III. State of the Art

The following works directly relate to this research based on the development of automated crawlers. Moreover, they evidence the necessity of designing a bot crawler that allows crawling data in social networks without restriction or limitation in the access to the data.

HRBUST (China) presents a study of the analysis and data crawling based on social networks through the design of web scraping programs to crawl information and comments in China’s biggest social network, Sina Weibo, similar to Facebook [12]. This study concludes that access to the API is restricted for data collection, and the amount of collected data is minimum.
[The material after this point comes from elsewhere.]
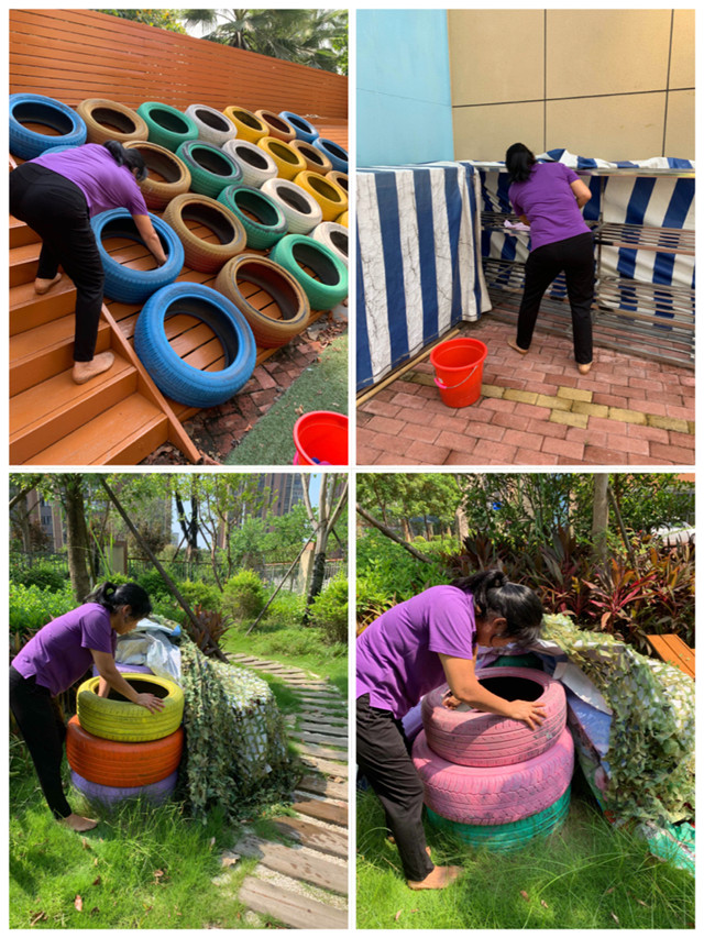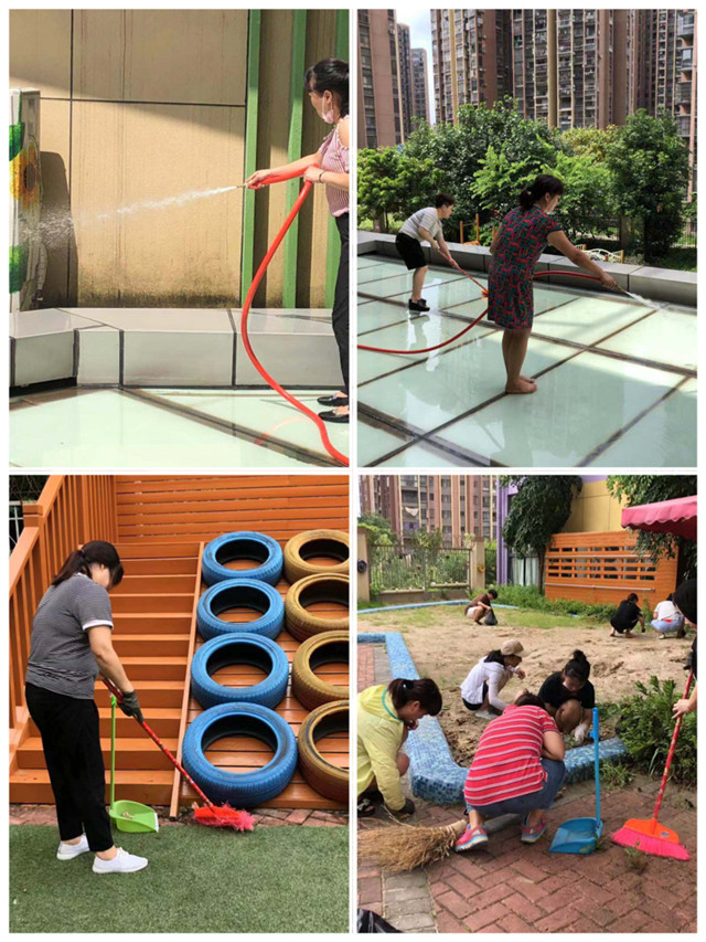八月中旬,幼兒園進(jìn)行了衛(wèi)生全面大掃除。認(rèn)真做好園內(nèi)外公共場所、室內(nèi)外環(huán)境的衛(wèi)生,清理衛(wèi)生死角,清除積水和雜物。

Cu and TUAS (Turkey) present an extensive analysis of the available social networks and their APIs and describe the design of a social network crawler as support in the Natural Language Processing (NLP) area [14]. It includes conclusions on the limitations and restrictions of the generic crawlers that allow access only to public content.
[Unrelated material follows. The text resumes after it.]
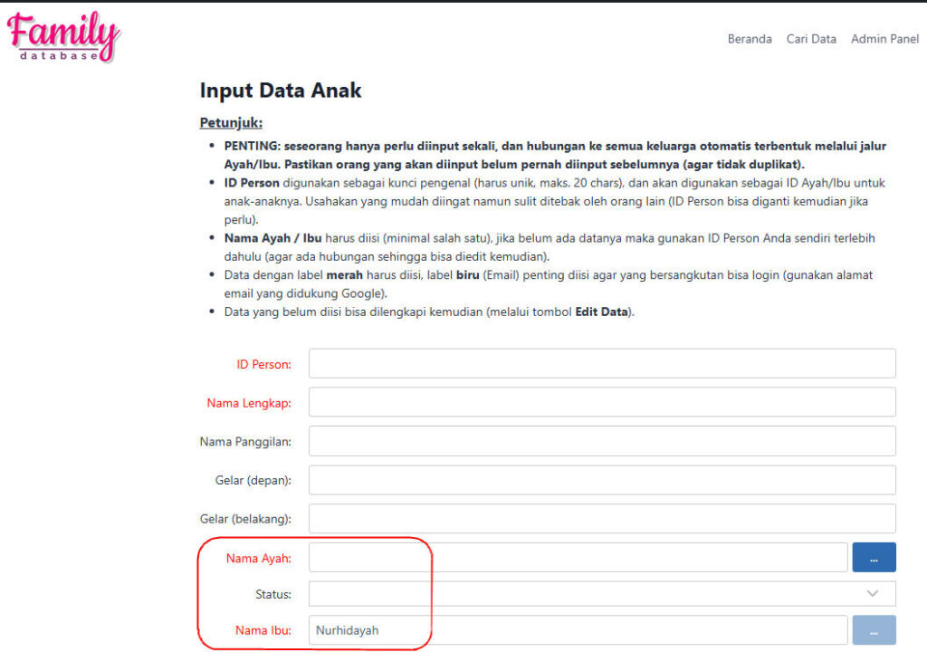 - Nama ayah dan ibu bisa diisi/ diganti menggunakan tombol di sebelah kanan. Pencarian data ayah dan ibu menggunakan ID Person, sehingga anda perlu mendapatkan ID Person ayah dan ibu (yang persis) terlebih dahulu. Jika data ayah dan ibu belum dimasukkan, maka data tersebut harus dimasukkan terlebih dahulu (pada MENU > Tambah Data).

BTH (Sweden) and UCDavis (USA) developed a crawler called SINCE, which has characteristics superior to other crawlers [15]. Regarding efficiency and crawl depth, SINCE interacts with each unique post allowing support to make informed decisions on what content to re-crawl.

RPS Group of Institutions (India) [16] present the construction of a “spider” that crawls and indexes Facebook using crawler programs that proved to be an effective tool for data extraction.

PUJ (Colombia) developed an app to support cyber intelligence management, which allows one to search and collect information on the deep web, dark web and some pre-selected social networks [17]. This app enhances the information security strategy and the decision-making processes in companies and organizations.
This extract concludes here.